8. What are some warning signs that you have discovered young adults should. be on the lookout for when trying to avoid an abusive relationship? Abusive relationships come in many forms and some warning signs are as follows. Are you afraid of the person you are in the relationship with? Must they have the last word? Do they try to control and manipulate you? Do they punish you if you have a different opinion than theirs or try to brainwash you to think like them? Do they try to isolate you from friends, family or other support? Do you feel trapped in the relationship? Are you always in a cycle of thinking, if I would have only done this differently they wouldnt have gotten mad? 9. Some use love to justify having sex before marriage, others use it as a reason to abstain from anything too emotionally and physically intimate in a relationship before marriage, this causes many young adults to feel confused. While many could easily point out the right way to use love to justify their actions in this situation, could you explain what and how we should use love to justify and if we should use it all? There is a difference between lust and love. The following is a chart to define the differences.

LUST
temporary sudden selfish untrustworthy impatient uncontrolled desire emotionally shallow based on fantasy

LOVE
enduring gradual unselfish trustworthy patient controlled desire emotionally deep based on reality

LUST
full of emotion driven by ones passions focused on external looks established on faulty reasoning set on getting happiness eager to get Col. 3:5

LOVE
full of devotion chosen by ones will focused on internal character established on solid reasoning set on giving happiness eager to give I Cor. 13:4-8

Hunt, June. Counseling Through Your Bible Handbook. Eugene: Harvest House Publishers, 2008. Print.

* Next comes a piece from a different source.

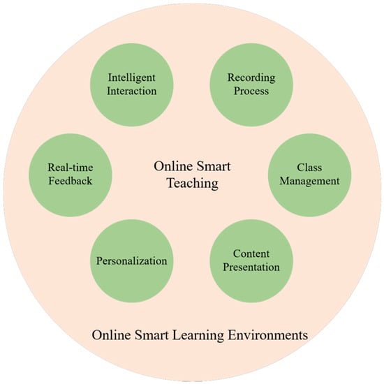 E-learning can be divided into synchronous and asynchronous according to time, and the learning space corresponds to synchronous and asynchronous online classrooms, respectively. Whether in synchronous or asynchronous classrooms, intelligent interaction, real-time feedback, and personalization should be the fundamental elements teachers must consider when building an online learning environment. With technology development, more and more learning management systems (LMS) provide well-designed interaction, feedback, and personalization tools. Teachers should implement information technology and deeply integrate the relevant technological functions with the teaching methods to build a smart learning environment. Figure 3 shows the proposed Online Smart Teaching Model, which includes intelligent interaction, real-time feedback, personalization, content presentation, and classroom management. Content presentation, class management, and recording process are six aspects that facilitate teachers’ online smart learning environment. Content presentation refers to presenting teaching content in different teaching methodologies and solving vital and challenging class problems. Class management means that teachers can understand students’ learning status in real-time through the platform to provide targeted tutoring to an individual student. The recording process represents that the whole process of students’ learning is recorded by the system, and targeted learning analysis can be taken.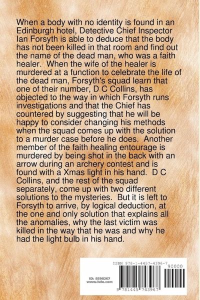 When a body with no identity is found in an Edinburgh hotel, Detective Chief Inspector Ian Forsyth is able to deduce that the body has not been killed in that room and find out the name of the dead man, who was a faith healer. The wife of the healer is then murdered at a function to celebrate the life of the dead man. Finally, another member of the faith healing entourage is murdered by being shot in the back with an arrow during an archery contest and is found with a Xmas light in his hand. D C Collins, and the rest of the murder squad separately, come up with two different solutions. But it is left to Forsyth to arrive, by logical deduction, at the one and only solution that explains all the anomalies, why the last victim was killed in the way that he was and why he had the light bulb in his hand.

Yes it can be confusing but before considering dating there needs to be some specific goals set to follow. When sex is considered outside of marriage pleasure is the goal and this behavior is forbidden by God. While in a dating relationship one should never underestimate the power of sexual passion or overestimate personal control. The following are guidelines to follow: 1. Make a mutual agreement to never touch any part of the body that a bathing suit would cover. 2. Always keep in mind that every action is to bring glory to God.

3. A good scripture to follow is Ephes. 5:3 Among you there must not be even a hint of sexual immorality, or any kind of impurity.

Thank you for allowing me to ask you these questions, I really do appreciate it!